Before she did rehab work, Tripp worked as an undercover police officer on a drug task force for two years, in Middle Tennessee, in a department she can’t name because several of her cases remain open. All told, she’s done a decade of work fighting the war on drugs.
According to Tripp, the situation has gotten grimmer during her time doing the work.
“It’s easier to get,” Tripp says, noting that the internet and social media have sped up communication between dealers and users and stymied law-enforcement efforts.
The statistics bear this out. In 2017, Tennessee had 26.6 overdose deaths per 100,000 inhabitants—the state’s worst year on record.
“We’re not going to be able to arrest ourselves out of this problem,” Tripp says.
That said, she sees reasons to hope for a brighter future. On the law-enforcement side, Tripp says there’s been a shifting attitude over the last several years in how drug abusers are treated. Now, they’re more seen as diseased: victims of a crime, rather than merely accomplices.
“What’s making it better is having people try to bridge the gap between law enforcement and treatment facilities,” says Tripp, adding that police in Tennessee are more likely to direct users toward treatment facilities like the one where she works.
In Clark County, Sheriff Noel is seeing similarly shifting attitudes. He says that in the 1990s, there was an overemphasis on stiff sentencing, with an underemphasis on prevention and recovery.
“Our goal is to hit drug dealers hard, but to recognize if someone has an illness,” Noel says. In Indiana, that’s meant moving away from keeping people behind bars while they await trial, a recognition that a jail environment can exacerbate drug problems. The state’s bail system has thus been amended in a way that will allow more first-time offenders of limited resources to post bond and avoid lengthy pre-trial detainment.

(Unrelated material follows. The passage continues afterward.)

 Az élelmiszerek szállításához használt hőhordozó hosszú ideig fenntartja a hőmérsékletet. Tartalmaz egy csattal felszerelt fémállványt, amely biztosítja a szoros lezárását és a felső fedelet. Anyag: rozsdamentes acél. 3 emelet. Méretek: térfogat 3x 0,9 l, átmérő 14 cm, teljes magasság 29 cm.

“In the past, they would keep [drug abusers] in jail to keep them from overdosing,” Noel says. “Now we’re able to provide a lot more programs with substance-abuse providers.”

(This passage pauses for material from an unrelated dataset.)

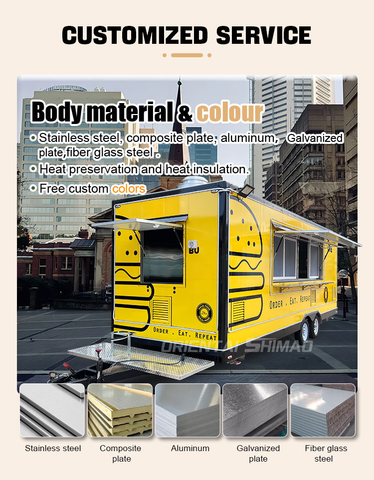 構造強度:フードトラックの用途と予想される荷重に応じて、鋼鉄やアルミニウム合金などの高強度材料を使用してフレームと本体構造を作成し、全体の堅牢性と耐久性を確保します。
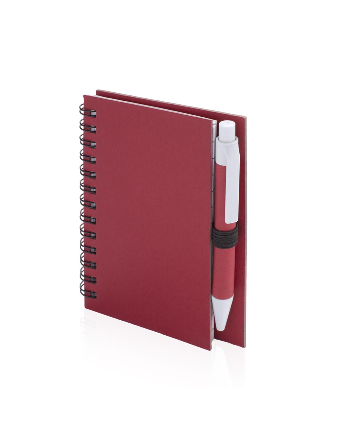 Libreta de anillas con tapas de suave tacto acabadas en resistente cartón reciclado y bolígrafo en cartón reciclado a juego. De atrevidos colores, 50 hojas con distribución a una raya y con soporte para bolígrafo en contraportada.

Treating drug abusers humanely is one element in the war on drugs, but it’s not the whole story. The police work being done inside the jail system has also changed. Sheriff Noel’s team piloted several creative methods for drug detection and covert intelligence gathering. For example, they’ve done lab testing on the waste water in the jail’s toilets, using inmate fecal matter to determine where precisely the county’s drugs are coming in from.
“The scientists can…source it to what area in the world it’s manufactured,” Noel says. “If it’s an opioid product, they can tell by the composition where it’s grown.”
Once they know where the drugs are grown, they can corroborate with other intelligence to determine how those drugs are entering the city. Heroin cultivated in the Middle East, for example, might be linked to dealers in Chicago. In that event, then, police would be alert with vehicles coming in from the north of the county, closer to Illinois. Drugs cultivated in Mexico, by contrast, would direct their attention south.
The latter example, says Noel, is far more frequent than the former.
“The majority of our drugs, whether it be meth or heroin—it’s coming from I-65.”